Gemma 4 Secret MTP Discovery Sparks Developer Backlash

AI-AnalyzedAnalysis generated by Gemini, reviewed editorially. Methodology

Why It Matters

The removal of performance-enhancing features suggests a growing trend of 'nerfing' open-weights models to maintain a gap between free and paid enterprise offerings. This impacts developers' ability to optimize on-device inference for mobile applications.

Key Points

A developer discovered hidden Multi-Token Prediction (MTP) weights in Gemma 4 files via the LiteRT API.
A Google employee allegedly confirmed MTP was disabled to ensure 'compatibility and broad usability' across different hardware.
The community is exploring reverse-engineering the LiteRT compute graph to restore the disabled performance features.
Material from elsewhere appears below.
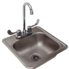
Stainless Sink - RSNK1

Double faucet, strainer, hot & cold water.

Google has come under scrutiny after developers discovered that the Gemma 4 model architecture contains latent Multi-Token Prediction (MTP) weights that were disabled in the official release. The discovery was made by a developer using the LiteRT API on a Google Pixel 9 device, where tensor shape errors revealed the presence of MTP heads designed for speculative decoding. A Google representative reportedly confirmed that the feature was intentionally removed to ensure broad compatibility across various hardware environments. This revelation follows previous community disappointment regarding the unreleased Gemma 124B model. Technical experts are now discussing the possibility of reverse-engineering the LiteRT compute graph to reactivate these high-speed generation capabilities. Google has not yet issued a formal statement regarding whether a 'Pro' version of the weights with MTP enabled will be released to the public.

A developer digging into Google’s new Gemma 4 model found some hidden 'secret sauce' that makes it run much faster. It turns out Google included the hardware for 'Multi-Token Prediction'—which lets the AI guess multiple words at once—but they turned it off before giving it to the public. When the developer’s phone crashed trying to load the hidden files, a Google employee confirmed they disabled it on purpose to make sure it works on older devices. Now, the AI community is frustrated because they feel they're getting a slower version of what Google actually built.

Sides

Critics

Electrical-Monitor27C

Discovered the hidden weights and expressed frustration that Google 'nerfed' the model's speed.

AI Developer CommunityC

Argues that Google is gatekeeping performance and wants full transparency regarding model capabilities.

Defenders

GoogleC

Maintains that removing the feature was a technical decision to ensure the model runs reliably on a wider range of consumer devices.

Join the Discussion

Discuss this story

HN Reddit Bluesky Telegram

Community comments coming in a future update

Be the first to share your perspective. Subscribe to comment.

Noise Level

Reach

Engagement

Star Power

Duration

Cross-Platform

Polarity

Industry Impact

Forecast

AI Analysis — Possible Scenarios

Independent researchers will likely attempt to patch the Gemma 4 weights to re-enable MTP within the next few weeks. Google may face pressure to release an 'Experimental' or 'Turbo' branch of Gemma 4 that officially supports these faster inference methods.

Based on current signals. Events may develop differently.

Timeline

Apr 7, 10:00 AM
Google confirmation reported
The developer claims a Google employee confirmed the intentional removal of MTP for compatibility reasons on a Hugging Face discussion thread.
Apr 7, 08:42 AM
Hidden MTP weights discovered
Reddit user Electrical-Monitor27 reports finding MTP prediction heads while debugging LiteRT on a Pixel 9.